Storms and other severe weather events can cause both public health and economic problems for communities and municipalities. Many severe events can result in fatalities, injuries, and property damage, and preventing such outcomes to the extent possible is a key concern.
The data set used comes from the U.S. National Oceanic and Atmospheric Administration’s (NOAA) storm database. This database tracks characteristics of major storms and weather events in the United States, including when and where they occur, as well as estimates of any fatalities, injuries, and property damage. The events in the database start in the year 1950 and end in November 2011.

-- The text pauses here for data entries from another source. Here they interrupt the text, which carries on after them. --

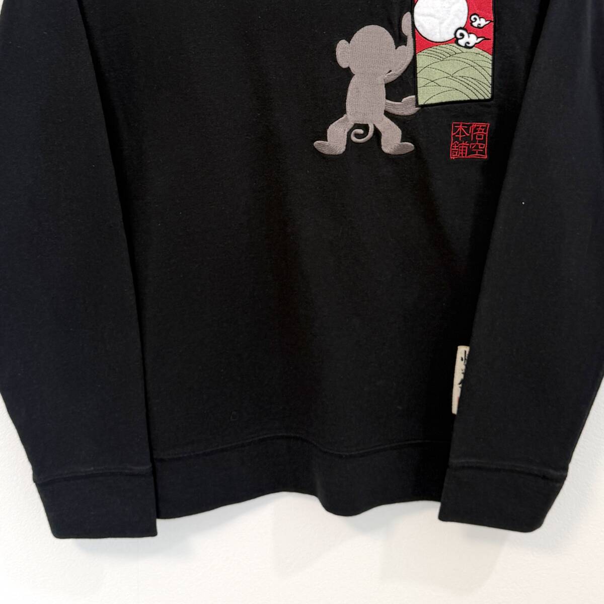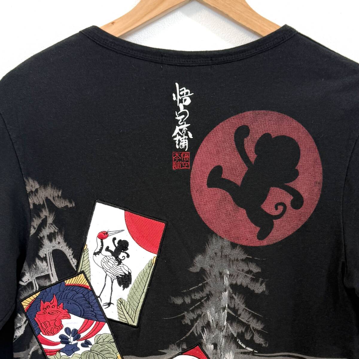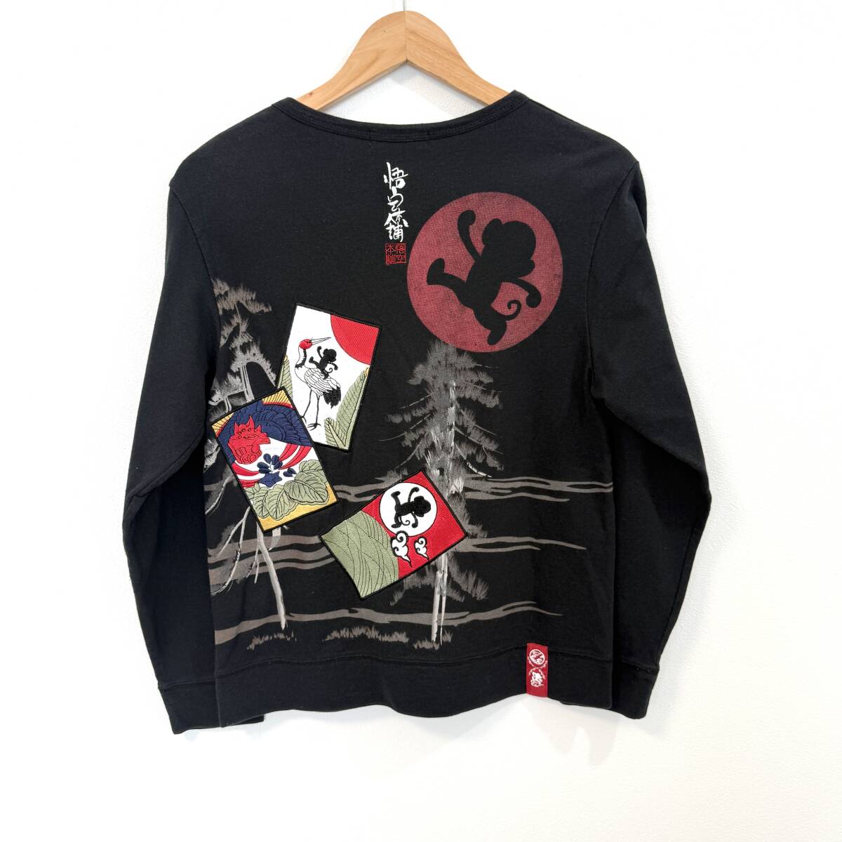 f3084ii GO-COO!! MONKEY MADE(ゴクー!!モンキーメイド) サイズS 和柄ロングTシャツ 悟空本舗 ブラック系 メンズ 綿100%
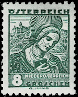 ![]() | Peasants of Lower Austria. 6g blue, 8g yellow-green. The man from the Wachau (Aggstein) is a vine-grower or vine-dresser and the apparatus in his left hand is a glass Weinheber which is a combination of a bottle with a tube used for taking samples of wine out of the barrel. The woman's strange stiffly-pleated head dress is worthy of note as well as her beautifully embroidered dress. She carries her prayer book in her hand and is wearing her national costume for church going. Rosenburg im Kamptal may be seen in the background of the 8g stamp. | ![]() |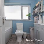 BATHROOM bath with mixer tap and mains shower fittings with 2 shower heads and shower screen; WC with concealed push button cistern; vanity with wash basin with mixer taps and storage cupboard under; chrome heated towel rail; bay window; down lights.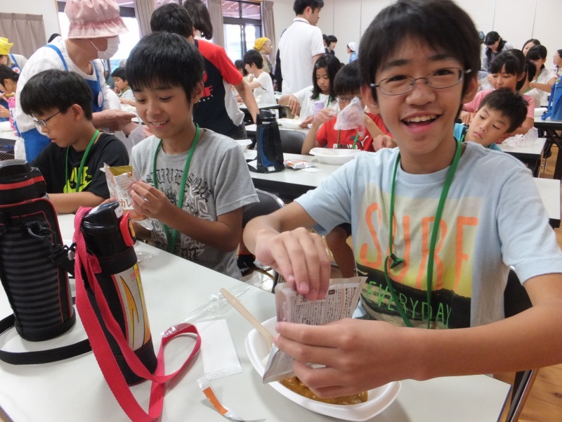 今回は、炊いたご飯にレトルトカレーをかけていただきました。栄養バランスを考えて、野菜ジュース付きです。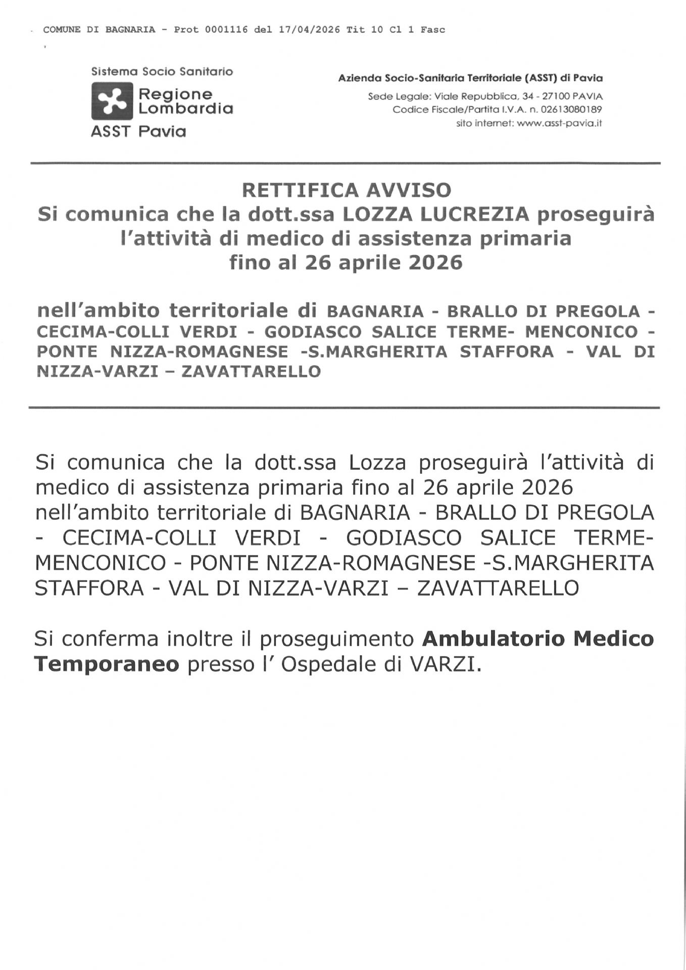 Descrizione Attività di medico di assistenza primaria Dott.ssa Lozza Lucrezia A cura di Ufficio Anagrafe Stato Civile Ultimo aggiornamento pagina: 18/04/2026 08:41:59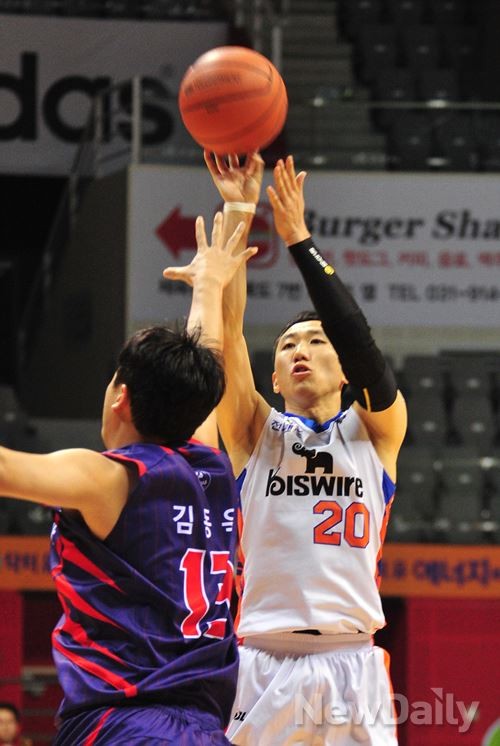 20일 고양실내체육관에서 열린 '2014-2015 KCC프로농구' 고양 오리온스와 인천 전자랜드의 경기에서 전자랜드 정영삼 선수가 슛을 하고 있다.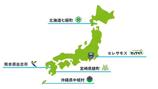 ※合志市との協定締結についてはこちら ●宮崎県綾町 ~年の始まりはいつもここから、綾町物産展~ シーズンスタート時にはいつもお世話になっている宮崎県綾町。新加入のメンバーも、まずはここでチームに溶け込んでいきます。今年のフロンターレも、綾町から始まりました!!フロンターレの選手たちの体を作っている綾町の名産品をゲットしましょう!!

This report explores which weather events are most impactful to the human population through causing both physical harm and economic damage. We look first at those types of weather events which cause the most physical harm followed by economic damage. Economic damage is the monetary damage to property and to crops.
The data is loaded from the original compressed comma separated plain text file availble for download at this address: https://d396qusza40orc.cloudfront.net/repdata%2Fdata%2FStormData.csv.bz2.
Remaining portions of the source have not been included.